Airflow and Spark: Running Spark Jobs in Apache Airflow

Airflow and Spark: Running Spark Jobs in Apache Airflow

In this blog, we run and schedule Spark jobs on Apache Airflow, we built a Spark job that extracts data from an API, transforms the result JSON data, and loads the data into an S3 bucket. We have decided to run Spark and Airflow locally, and we have configured Spark and Airflow to talk together using the Airflow UI. To ensure smooth communication between Spark and S3 bucket, we have set up an S3 access point, and a dedicated AWS IAM role so that data is sent to the S3 bucket directly from our Spark application.

Introduction

Apache Spark is a unified analytics engine for large-scale data processing.
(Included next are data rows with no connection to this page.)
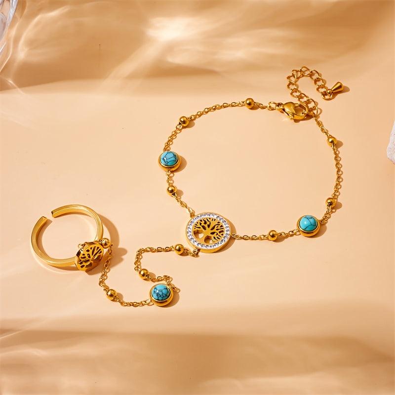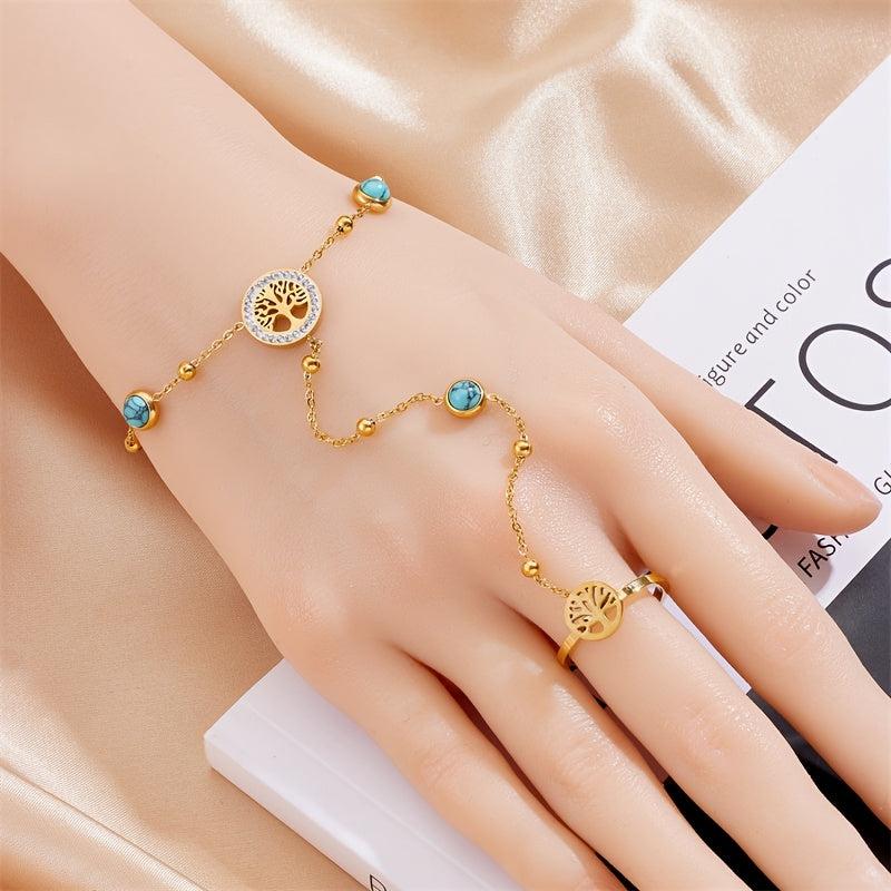 Elevate your style with this fashionable and versatile golden stainless steel bracelet ring combination set. It features a Tree Of Life decoration and is suitable for any occasion.
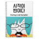 Grande illustration d'une femme écrivant dans un carnet. Une expression coréenne motivante dans hangul pour encourager la journalisme et l'écriture manuscrite.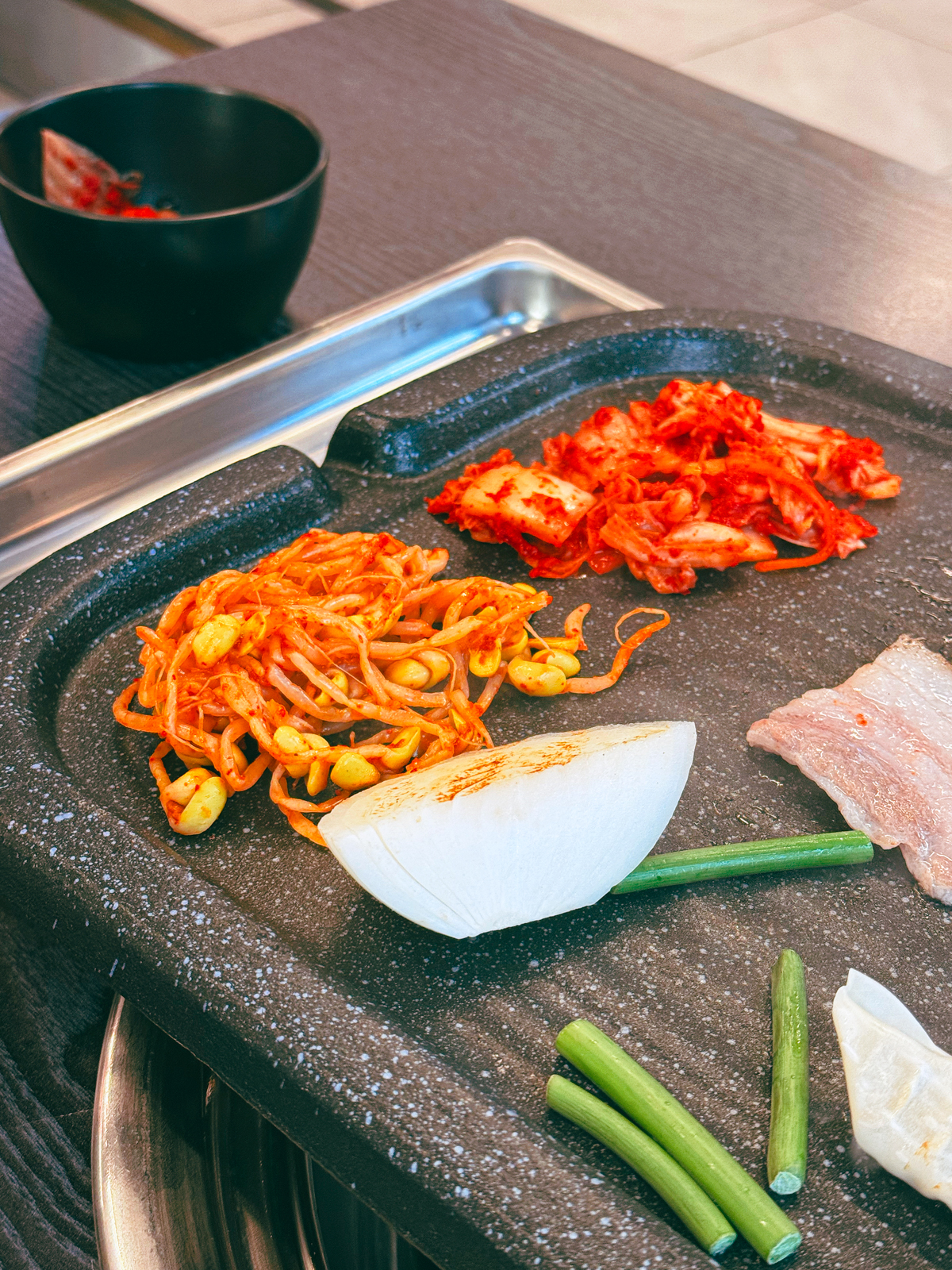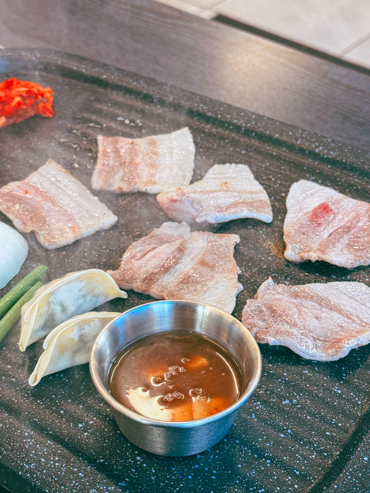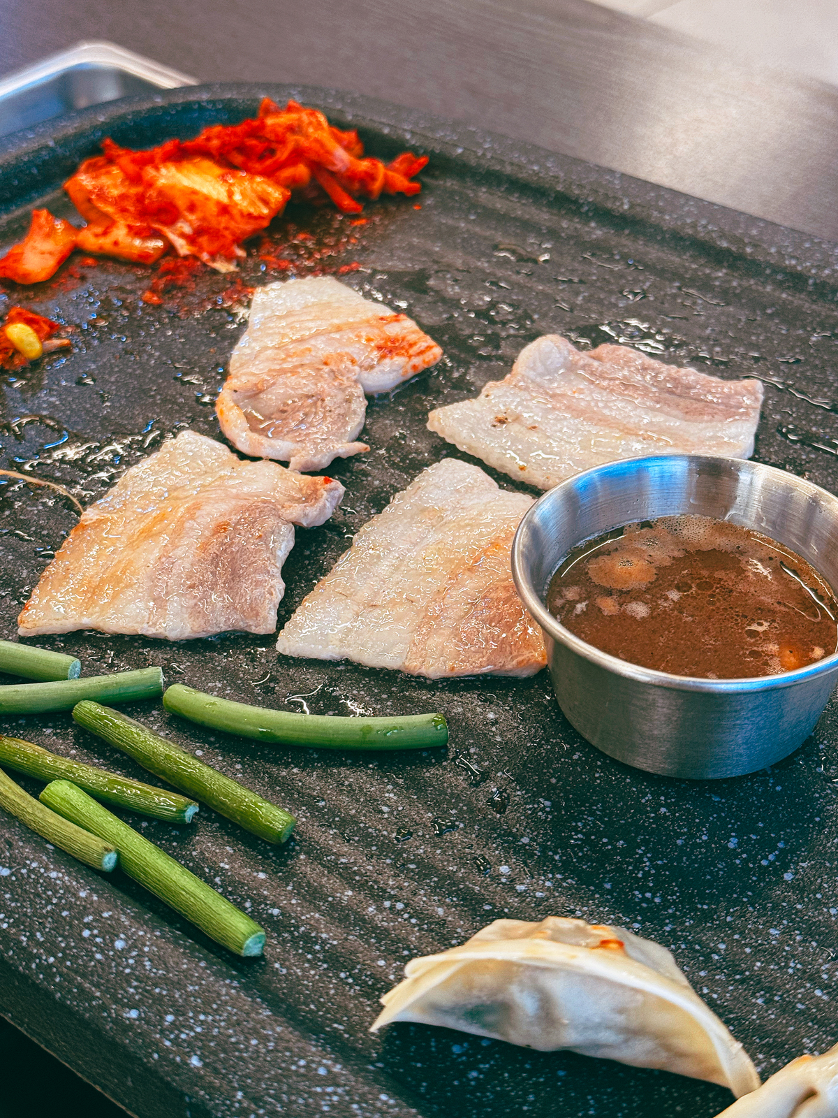 불판은 1단에서 2단으로 맞춘 후 주문했던 흑돼지 냉삼과 함께 마늘쫑, 만두, 콩나물, 배추김치, 양파를 올려 구워준다. 냉동삼겹살 기름이 흘러내리는 곳에 김치와 콩나물을 두어야 더욱 맛있게 먹을 수 있으며, 얇은 고기인 만큼 빠르게 익혀지기에 먹을 만큼만 구워주는 게 포인트다.

Spark is a powerful open-source tool which provides high-level APIs in Java, Python, Scala, and R, and an optimized engine that supports general computation graphs for data analysis and different workloads. Another interesting feature of Spark is its fast processing ability and fault-tolerance, you can rest assured that your deployment can be consistent in a situation where there is a resource failure. This is a common problem of big data, you never can tell when things might go wrong, but having an engine that can continue with its operation without impacting critical business processes is very important.
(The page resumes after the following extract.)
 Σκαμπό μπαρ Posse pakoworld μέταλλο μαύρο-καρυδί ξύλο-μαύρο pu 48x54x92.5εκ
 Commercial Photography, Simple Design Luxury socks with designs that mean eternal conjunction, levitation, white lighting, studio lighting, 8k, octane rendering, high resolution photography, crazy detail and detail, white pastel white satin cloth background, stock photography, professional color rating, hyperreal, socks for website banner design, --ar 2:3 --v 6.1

Interestingly, Spark also supports a rich set of higher-level tools including Spark SQL for SQL and structured data processing, MLlib for machine learning, GraphX for graph processing, and Structured Streaming for incremental computation and stream processing. In this blog post, we are going to employ Spark to transform data coming from an API, and also use Spark to load the data into the S3 bucket. Before we do that, let’s look at some fascinating features of Apache Spark. 
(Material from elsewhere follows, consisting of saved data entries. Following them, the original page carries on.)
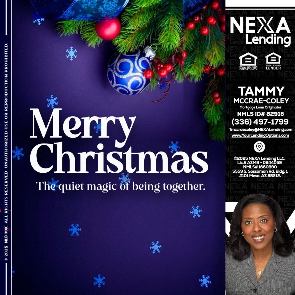 Hi, my name is Tammy C. McCrae-Coley. I’m a Loan Officer with NEXA Mortgage, LLC (1660690), offering personalized mortgage solutions, fast customized quotes, great rates and service with integrity.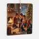Celebrate the magic of Christmas with this heartwarming family ornament featuring a cozy holiday living room, glowing Christmas lights, and an adorable Border Collie at the center of the moment.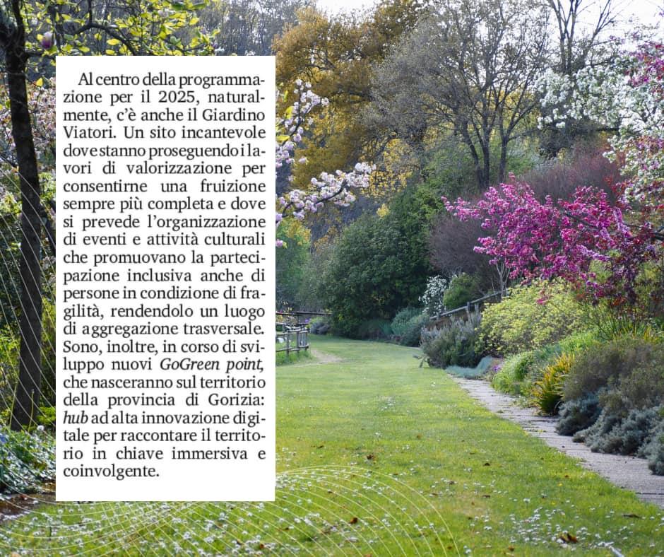 Al centro della programmazione per il 2025, naturalmente, vi sarà anche il Giardino Viatori, dove stanno proseguendo i lavori di valorizzazione per consentirne una fruizione sempre più completa e dove si prevede l’organizzazione di eventi ed attività culturali che promuovano la partecipazione inclusiva anche di persone in condizione di fragilità, rendendolo un luogo di aggregazione trasversale.
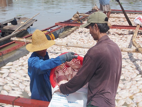 Đến ngày 17/5, cá của các hộ dân trên đã chết hết, số cá chết quá nhiều không bán kịp đã bốc mùi hôi thối. Người dân nuôi cá lồng bè vẫn đang nai lưng vớt cá, có những hộ nước cuốn trôi cả vèo cá đành ngậm ngùi chấp nhận trắng tay.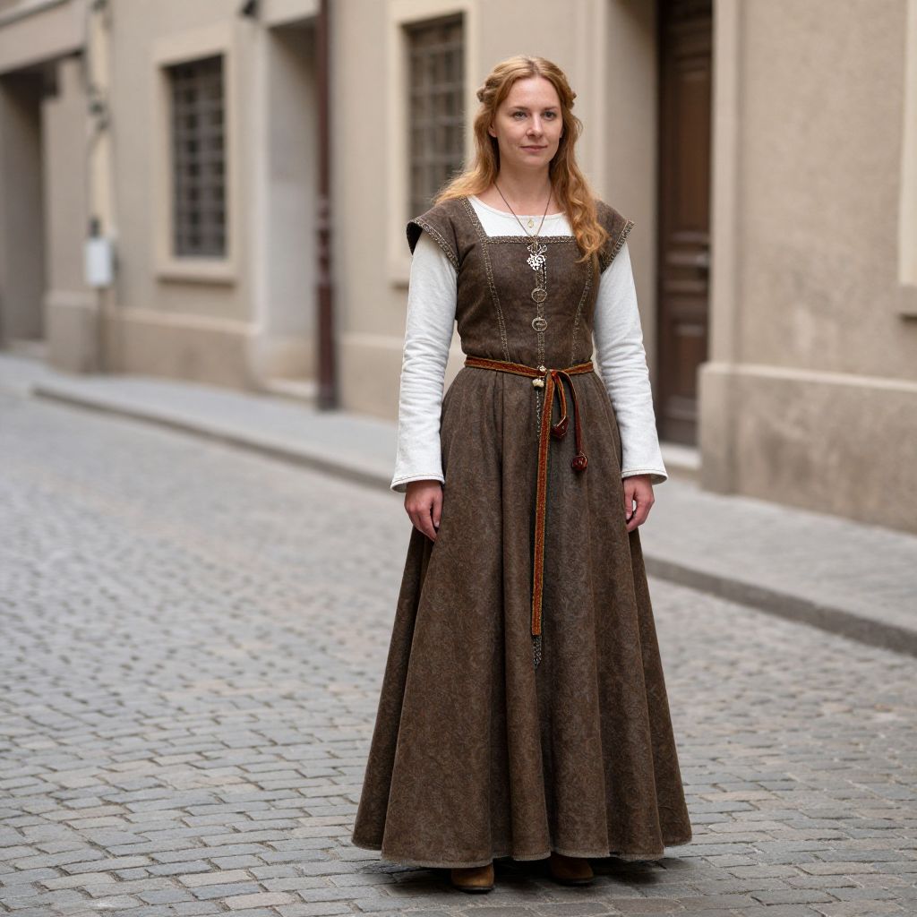Photograph of a young Caucasian woman with light skin and long, wavy, blonde hair standing on a cobblestone street. She wears a medieval-style dress with a dark brown, full-length skirt, white long-sleeve blouse, and brown leather belt. The dress has a fitted bodice with decorative buttons and shoulder slits. She stands with a neutral expression, facing forward. The background features beige, stone buildings with dark wooden windows, typical of a historical European street. The overall scene is brightly lit with natural daylight, highlighting the texture of the cobblestones and her attire.

A diagram showing Spark ecosystem

Some features of Apache Spark are:

  • The fast processing speed of Spark
  • Spark is easy to use
  • Presence of powerful tools to help with different big data workloads
  • Real-time stream processing
  • Spark can run on a distributed platforms and can run in a variety of systems

You can read more about all these from here.

With that, let’s go straight at it. In this blog, we are going to schedule Spark jobs on Apache Airflow, we are going to build a Spark job that extracts data from an API, transforms the JSON data, and loads this data into an S3 bucket. Airflow is another powerful tool that allows you to orchestrate workflows, so we are going to design two scripts one for our Spark job and one for our Airflow DAGs. For these scripts to be executed successfully, Apache Airflow and Apache Spark must be installed. So our plan is to install Airflow, and Spark locally, and install all of the dependencies for both Airflow and Spark. If you would like to learn more about Apache Airflow, please check a blog post there from here. The code for this article is available on Github.

A diagram showing an ETL data pipeline

Installing Apache Spark locally

For Spark to run smoothly, make sure you have Java installed, and set the JAVA_HOME environment variable pointing to the Java installation folder. For an easy life, we have prepared a bash script that installs Spark, installs all the necessary dependencies, and makes settings for Spark to run smoothly. In our case, we needed the Amazon Web Services Hadoop jar file and the Amazon Web Services SDK bundle jar file, we got these JAR files to the JAR folder of Spark, and we packaged all the necessary commands to get Spark running locally with a bash script. You can look into the script folder of the Github page, to get a feel of what is going on in the bash script. Make the bash script executable using chmod u+x scripts/spark_installation.sh, and start the bash script with the command below. 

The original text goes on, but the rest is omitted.